(Stored items)
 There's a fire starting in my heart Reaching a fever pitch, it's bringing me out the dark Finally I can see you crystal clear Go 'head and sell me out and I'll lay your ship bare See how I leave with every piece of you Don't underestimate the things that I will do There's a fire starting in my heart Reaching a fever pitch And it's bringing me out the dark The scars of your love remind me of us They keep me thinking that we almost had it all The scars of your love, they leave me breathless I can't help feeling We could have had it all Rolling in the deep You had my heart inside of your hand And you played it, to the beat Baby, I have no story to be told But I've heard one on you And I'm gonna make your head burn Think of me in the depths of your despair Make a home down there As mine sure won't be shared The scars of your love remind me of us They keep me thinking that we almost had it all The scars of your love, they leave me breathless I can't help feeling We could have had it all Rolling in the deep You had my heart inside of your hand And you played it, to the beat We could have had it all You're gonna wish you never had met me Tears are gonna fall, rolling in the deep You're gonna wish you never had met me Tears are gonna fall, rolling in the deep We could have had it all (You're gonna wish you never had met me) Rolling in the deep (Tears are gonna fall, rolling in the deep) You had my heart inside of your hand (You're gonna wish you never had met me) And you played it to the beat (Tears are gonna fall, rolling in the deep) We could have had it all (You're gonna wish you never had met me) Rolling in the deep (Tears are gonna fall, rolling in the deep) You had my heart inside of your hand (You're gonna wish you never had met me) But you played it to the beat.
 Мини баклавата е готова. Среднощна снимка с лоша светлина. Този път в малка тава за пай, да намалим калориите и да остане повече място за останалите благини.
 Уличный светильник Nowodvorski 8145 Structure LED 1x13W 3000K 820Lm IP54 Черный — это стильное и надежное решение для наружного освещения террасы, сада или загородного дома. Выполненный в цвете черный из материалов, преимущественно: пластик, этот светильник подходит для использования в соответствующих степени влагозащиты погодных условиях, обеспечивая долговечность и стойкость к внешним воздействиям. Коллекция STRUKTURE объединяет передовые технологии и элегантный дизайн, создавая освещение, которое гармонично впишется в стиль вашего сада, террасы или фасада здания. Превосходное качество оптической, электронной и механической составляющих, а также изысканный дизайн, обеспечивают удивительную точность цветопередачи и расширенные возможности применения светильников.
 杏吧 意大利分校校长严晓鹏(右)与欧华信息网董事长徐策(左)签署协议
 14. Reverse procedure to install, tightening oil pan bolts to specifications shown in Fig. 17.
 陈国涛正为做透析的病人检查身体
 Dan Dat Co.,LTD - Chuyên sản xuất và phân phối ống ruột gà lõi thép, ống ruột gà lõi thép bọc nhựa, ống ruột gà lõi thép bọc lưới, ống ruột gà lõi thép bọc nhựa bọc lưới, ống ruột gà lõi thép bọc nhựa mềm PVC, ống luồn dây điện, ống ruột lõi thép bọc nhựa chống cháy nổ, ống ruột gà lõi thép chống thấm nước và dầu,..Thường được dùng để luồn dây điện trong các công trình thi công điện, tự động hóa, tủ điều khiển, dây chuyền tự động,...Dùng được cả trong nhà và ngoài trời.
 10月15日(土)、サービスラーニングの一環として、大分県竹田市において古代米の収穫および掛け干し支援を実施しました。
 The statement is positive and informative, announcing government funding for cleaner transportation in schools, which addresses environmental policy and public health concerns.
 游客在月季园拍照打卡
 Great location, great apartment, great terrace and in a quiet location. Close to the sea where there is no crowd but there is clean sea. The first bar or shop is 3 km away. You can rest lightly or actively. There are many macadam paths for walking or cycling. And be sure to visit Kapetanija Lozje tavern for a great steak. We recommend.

● **Task statement**:
From the line holding "Dan Dat Co.,LTD" to the line holding "10月15日(土)、サービス", inclusive, restate each line above exactly as written.

● **Exercise solution**:
 Dan Dat Co.,LTD - Chuyên sản xuất và phân phối ống ruột gà lõi thép, ống ruột gà lõi thép bọc nhựa, ống ruột gà lõi thép bọc lưới, ống ruột gà lõi thép bọc nhựa bọc lưới, ống ruột gà lõi thép bọc nhựa mềm PVC, ống luồn dây điện, ống ruột lõi thép bọc nhựa chống cháy nổ, ống ruột gà lõi thép chống thấm nước và dầu,..Thường được dùng để luồn dây điện trong các công trình thi công điện, tự động hóa, tủ điều khiển, dây chuyền tự động,...Dùng được cả trong nhà và ngoài trời.
 10月15日(土)、サービスラーニングの一環として、大分県竹田市において古代米の収穫および掛け干し支援を実施しました。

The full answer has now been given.